For this reason, every serious company, whether in agriculture, mining, or finance, should begin forming a space strategy. Satellite insights are fast becoming as integral as telecommunications once were. They can improve efficiency, reduce costs, and strengthen resilience against climate shocks.

Beyond orbit, the next great ambitions are already taking shape. Space tourism is in its infancy, but it signals how quickly private enterprise is normalising what was once unthinkable. NASA, meanwhile, has turned its attention toward the Moon and Mars.

The Artemis programme aims to establish a sustainable lunar base that can serve as a stepping stone for deeper exploration. Notably, Italian fashion house Prada will have a hand in designing the spacesuitsfor the Artemis III mission, which is expected to return astronauts to the Moon around mid-2027 (the first crewed lunar landing since 1972).
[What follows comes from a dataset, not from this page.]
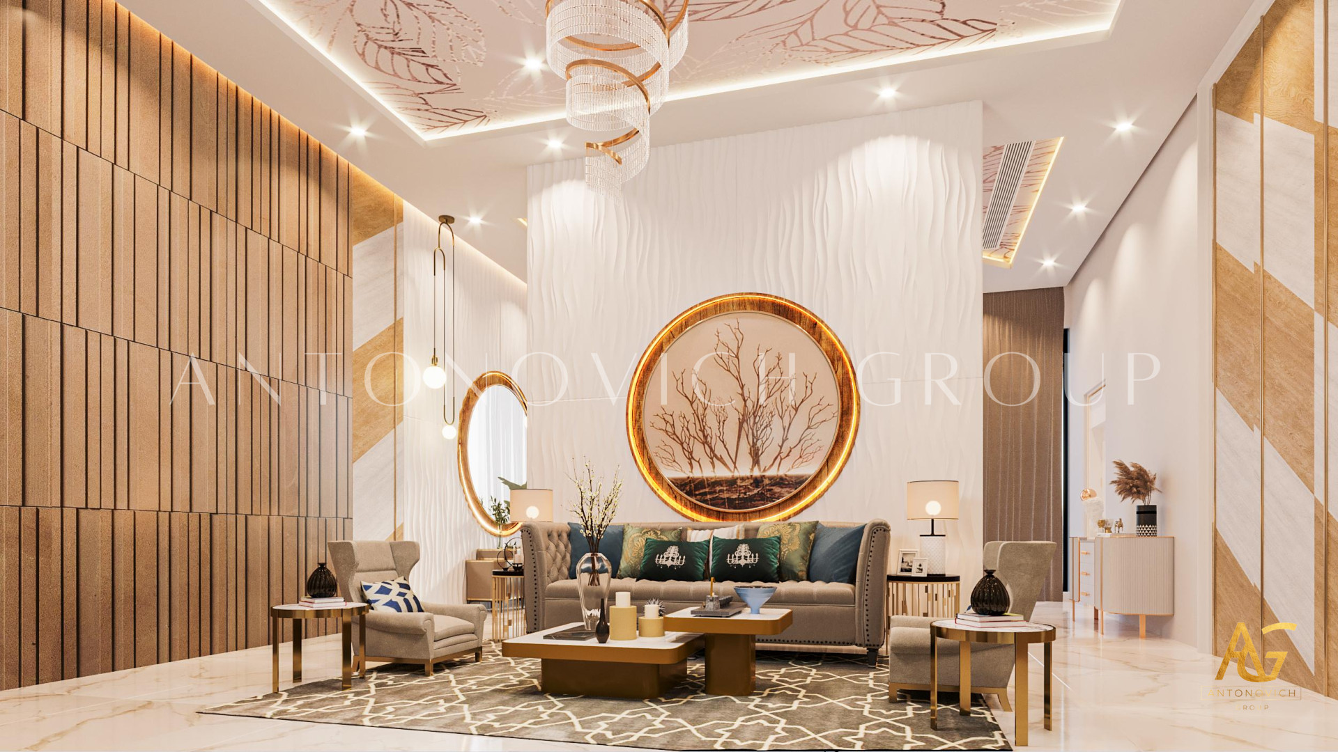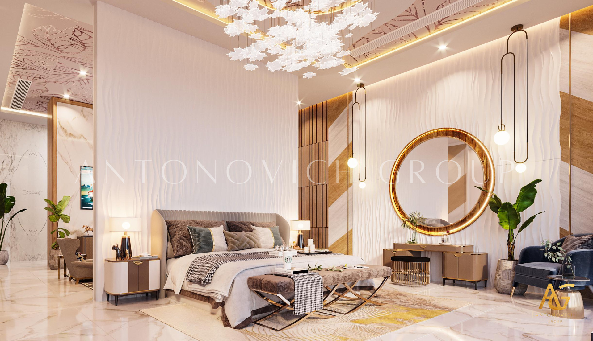 A cozy bedroom is what this new creation of Luxury Antonovich is all about. The beautiful rose gold color paired with stunning cream primary hue creates a contemporary and relaxing feel to the luxury bedroom interior design. The room is equipped with luxury details that are designed to create an ambiance of relaxation.
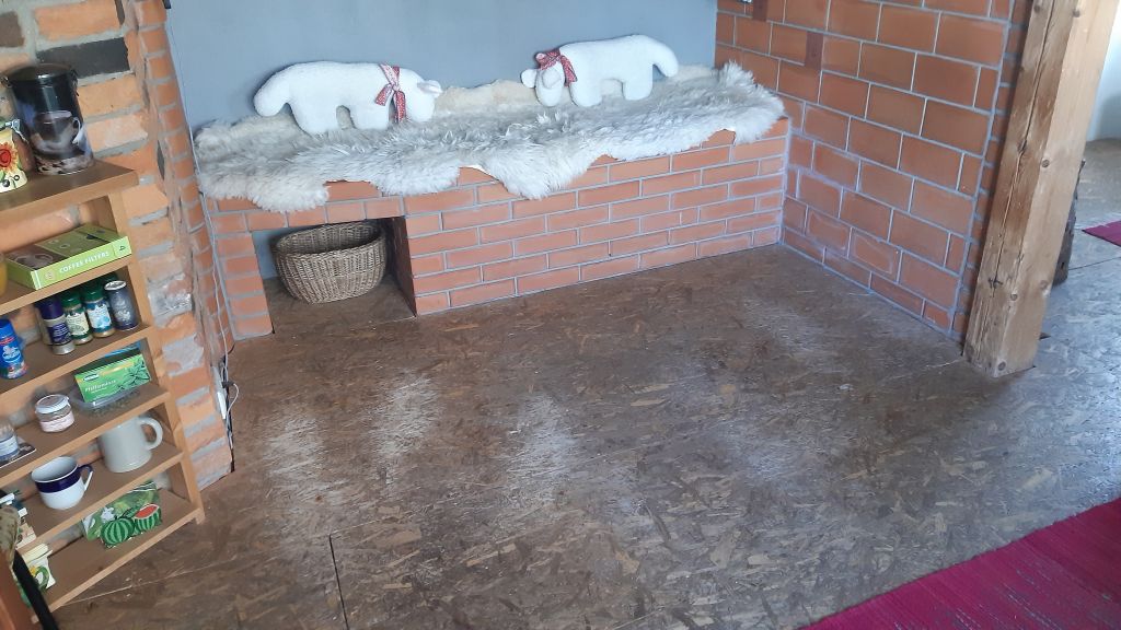 Hetkel maas 16mm paksune OSB (viimane tuleb eemaldada), mis toetub laagidele, laagide vahel EPS soojustus, aluspõrand on betoonist.

But these ambitions will require enormous energy. Solar panels suffice for many orbital tasks, yet in the deep shadow of craters or on long missions to Mars, they fall short. That is why companies such as Zeno Power are developing so-called: “nuclear batteries” to supply reliable baseload power in extreme environments, ensuring continuous operations where sunlight cannot reach.

Competition

As space becomes commercial, it also becomes geopolitical. The end of the ISS partnership marks a new phase of competition between major powers. China already operates the Tiangong space station, and Russia aims to deploy a station by 2030. Space diplomacy and security are now as important as science.

The threat of space weapons, anti-satellite systems, jammers, or even orbital interceptors, has become more than theoretical.

Africa is rarely part of this conversation, yet the continent is already being drawn into the orbital race. Djibouti, for instance, has partnered with China to build a spaceport and small-satellite infrastructure. On the surface, such projects promise economic development; in reality, they also expand Beijing’s strategic reach. Just as China’s Belt and Road Initiative has transformed ports and railways, its space partnerships extend influence into communications and surveillance.

The commercialisation of space marks a new turning point in human progress. In the West, the baton has passed from governments to entrepreneurs. But this transition also raises urgent questions of sovereignty, regulation, and access. Space is no longer a scientific abstraction, it is a functioning economy, an arena of competition, and a tool for national development.